The idea of system rescue is that you boot up a rescue image on your system, using a different boot medium; e.g. a "rescue" disk or memory stick.  (For OpenStack instances, a special rescue image is used). The rescue system then attaches the system's regular disks in such a way that you can repair them; e.g. run file system checkers, restore missing system files from a backup, fix broken configurations, change credentials and so on.  Obviously, what you will actually need to do depends on the situation you find yourself in.

Once you are done, you shut down the system and reboot normally.

Using Nova rescue

Before you start, you need a working system (e.g. desktop or laptop) on which you can run the "nova" command-line client.
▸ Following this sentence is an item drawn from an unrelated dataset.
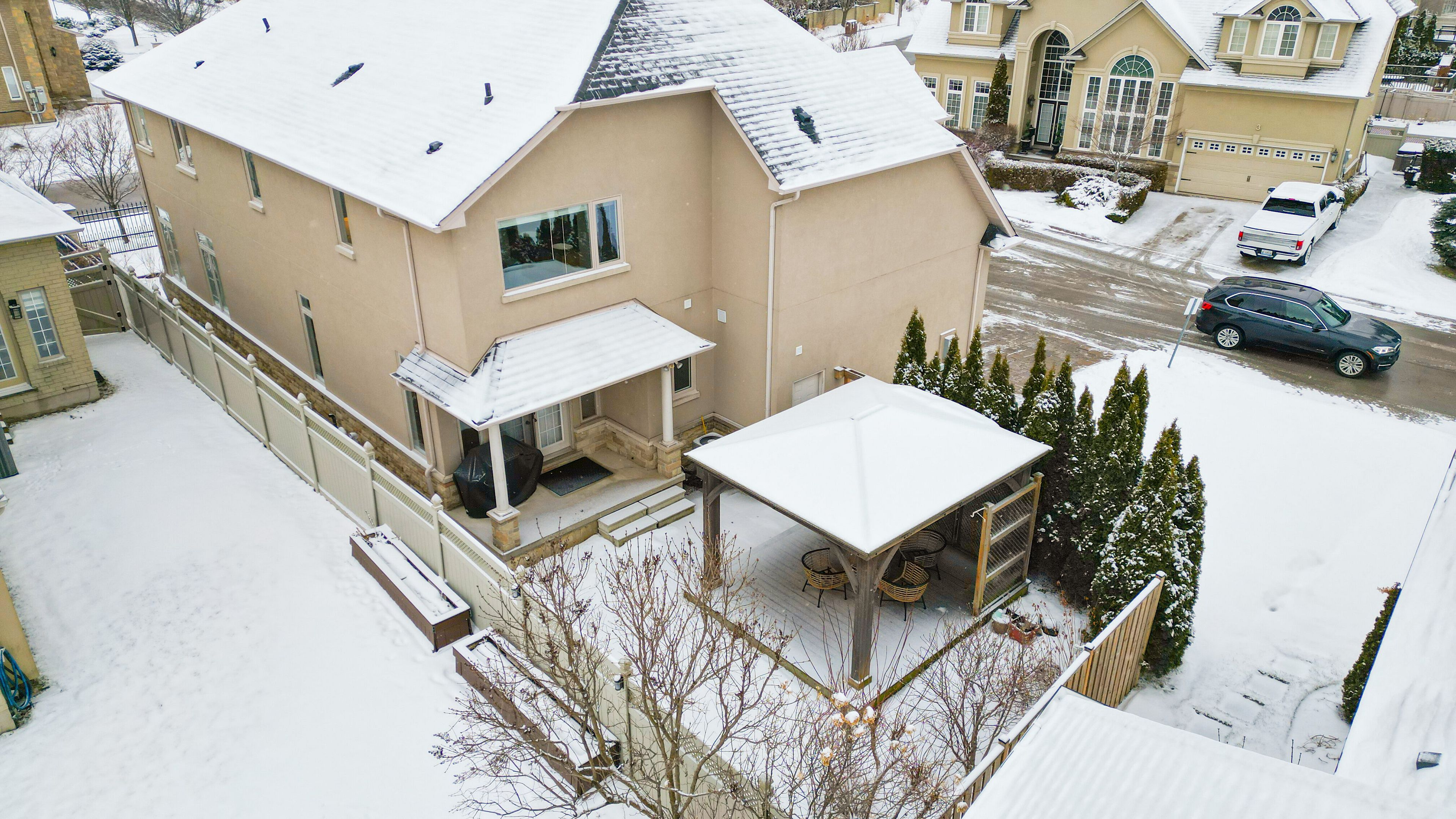 Welcome to 4 berkshire place, a spectacular custom landmart-built family home situated on a premium corner lot on one of meadowlands' most exclusive gated cul-de-sacs. This stately residence offers exceptional privacy, security, and curb appeal with its elegant royal stucco and stone exterior finishes. An impressive grand foyer with a dramatic double-height ceiling sets the tone for the luxury found throughout, while tons of large windows throughout the home fill the space with natural light. The main floor features expansive principal rooms including a separate living room, family room, formal dining room, and a private office with high ceilings and crown moulding-perfect for both everyday living and upscale entertaining. The gourmet kitchen boasts extensive cabinetry, a large working island, stainless steel appliances, and double patio doors leading to the backyard. Hardwood flooring flows throughout, complemented by a beautiful fireplace . Upstairs offers four spacious bedrooms. Three bedrooms feature private ensuites, while the fourth is serviced by a separate full washroom just outside the room. Two bedrooms include their own private office or study space within the room, and all bedrooms offer walk-in closets. The luxurious primary suite features a spa-inspired 5-piece ensuite with dual sinks and a custom-designed walk-in closet with built-in cabinetry. The fully finished basement includes two additional bedrooms and a full washroom, providing excellent space for extended family or guests, along with a separate laundry area. The home also offers two separate laundry areas for added convenience. Set on an impressive 112-foot-wide lot, the exterior is complete with professional stonework, an automatic irrigation system, covered concrete patio with bbq setup, gazebo, huge side yards, and a spacious driveway. Offering close to 5,000 sq. Ft. Of total living space, this exceptional home delivers luxury, space, and functionality in a highly sought-after location.

I recommend that you use a Linux, UNIX or Mac OSX system, and use the command shell.  (You don't need local root access to run "nova".)
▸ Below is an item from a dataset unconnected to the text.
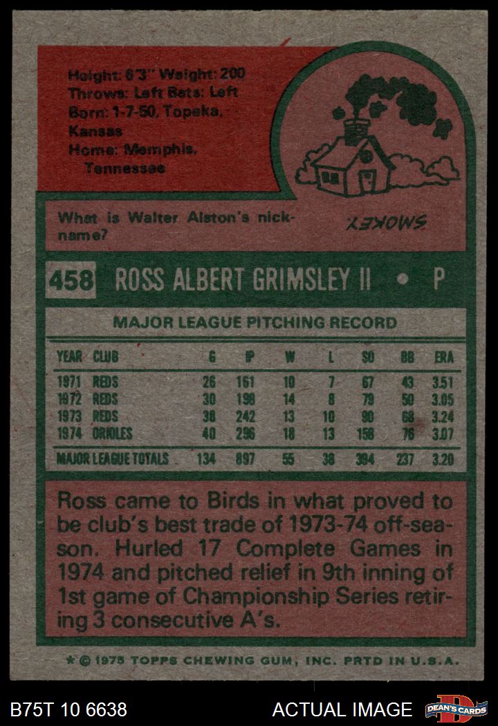 1975 Topps #458 Ross Grimsley 3 - VG

This page explains how to install OpenStack clients.  It also explains how to obtain the NeCTAR credentials that you will need to use to run "nova".  (You will need an Openstack RC file for your project AND your personal Openstack password.)

The procedure is as follows:

  1. Set up your credentials on your system.  This is typically done by "sourcing" the OpenStack RC file and entering the password when prompted.  Note that this is save the credentials and other information as environment variables for the current shell session.
  2. Put the instance into rescue more by running "nova rescue <instance>" where "<instance>" is the name or id of the instance that you want to "rescue".  (The command outputs a temporary password, but you can ignore that.)
  3. The instance will shutdown and reboot into "rescue" mode.
  4. Use SSH to login to the instance, using the standard "admin" account.  To do this, you will need to know the private key of the key-pair that is associated with the instance (e.g. as shown in the NeCTAR dashboard).
  5. When you login, you will find a full Linux system (not just a cut-down rescue system), with your file system to-be-rescued mounted (typically) on "/mnt".
  6. Do your rescue work.
  7. When you are done, logout from the system.
  8. Run "nova unrescue <instance>" to take the instance out of rescue mode.  This should cause the instance reboot in normal mode.  You can check this by logging in using SSH, and / or by looking at the instance "state" as shown by the Dashboard.

How Nova rescue works

The mechanics of rescue mode are not documented in the official OpenStack documentation, but my understanding is the process is as follows:

  1. When the Nova API gets the initial request, it generates a password and calls through to the Compute API.
  2. The Compute API checks that the system isn't already being rescued, and if not, it shuts down the instance and launches a new instance with the same metadata; e.g. network address, primordial instance image, ssh keypair and so on.
  3. On launch, the rescue instance presumably goes the first-time boot procedure, and cloud-init inserts the public key for the admin account.  (I have noticed that the rescue instance comes up with a different MAC address, but you get the old MAC address back when the instance is "unrescued".  This is good.)
  4. Once the rescue instance is launched, something then attaches the instance-to-be-rescued's image, and it (typically) gets mounted on "/mnt".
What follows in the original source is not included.